Prerequisites and Learning Outcomes

Get a brief introduction to what you'll learn in this course.

We'll cover the following

Who is this course for?

This course is aimed at software engineers who wish to understand the nature and limits of computation, and computing practitioners who want to know what their software can and can’t do.

Prerequisites

Learning the theory of computation will be easier if you have the basic programming knowledge required for typical introductory programming courses. It is also helpful if you’re familiar with these basic concepts from introductory discrete mathematics:

  • Sets
  • Relations
  • Functions
  • Modular arithmetic
  • The notion of a logarithm
  • First-order predicate logic
  • The structure of simple directed graphs

Learning outcomes

In this course, the key results of the theory of computation are covered, with numerous examples and sometimes even with working Python programs, while at the same time achieving a measure of rigor with a minimum of mathematical formalism. Formal proofs appear infrequently, but constructive arguments abound. While mathematical notation appears as needed, visual representations are frequently used to illustrate concepts.

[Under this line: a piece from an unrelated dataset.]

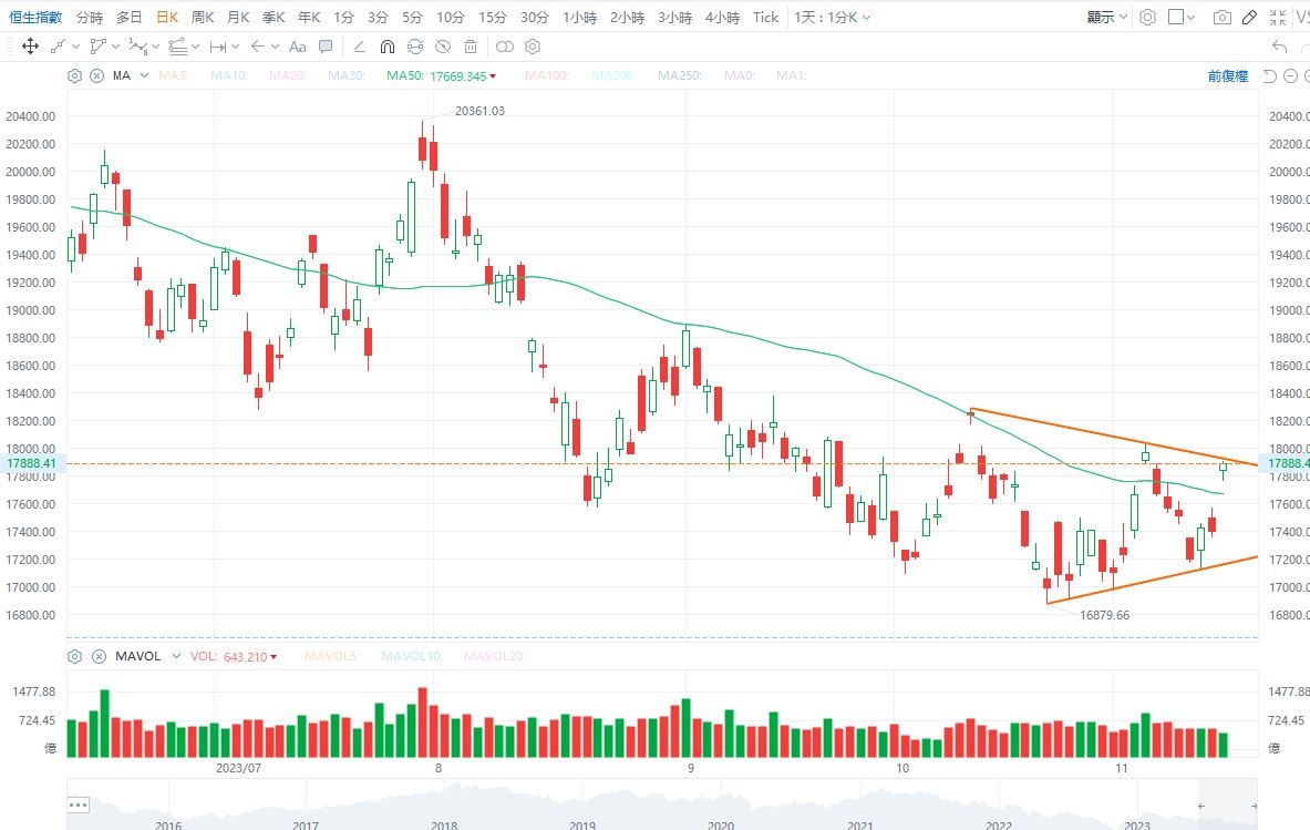 本月上旬(6日)恒指冲上18037点高位,当日早市成交664亿元,与今日相若,全日成交1151亿元,单日升302点,连升3日,累升865点或5%;恒指上周五回落至17203点收市,本周初跌至17126点掉头回升,以今日中午收市计,较上周五累升685点,挑战近一个月形成的收窄三角形顶部,半个月内第二次升穿50天线,蓄势向上突破,今日最终若可收在17950点之上便突破成功,踏入下半月向上扩阔本月仅约一千点的波幅,先挑战上月高位约18300点关。保守估计,只要本月恒指波幅与上两个月的千四、五点波幅相若,也可升上18400至18500区域。

The key concepts covered in this course are:

  • Formal languages and finite state machines.
  • Deterministic and nondeterministic finite automata.
  • Regular expressions and grammars.
  • Properties of regular languages.
  • Context-free languages.
  • Pushdown automata.
  • Context-free grammars.
  • Properties of context-free languages.
  • Turing machines.
  • The landscape of formal languages.
  • Computability.

The emphasis is on the structure, properties, and application of formal languages, along with introductory exposure to computability.

In this course, we’ll use Python 3 since Python is the most readable of programming languages; it is often referred to as “executable pseudocode.” It is in widespread use in many computing domains and is universally available. Python syntax is an effective innovation to teach reductions of one unsolvable problem to another in a compact introductory chapter on computability.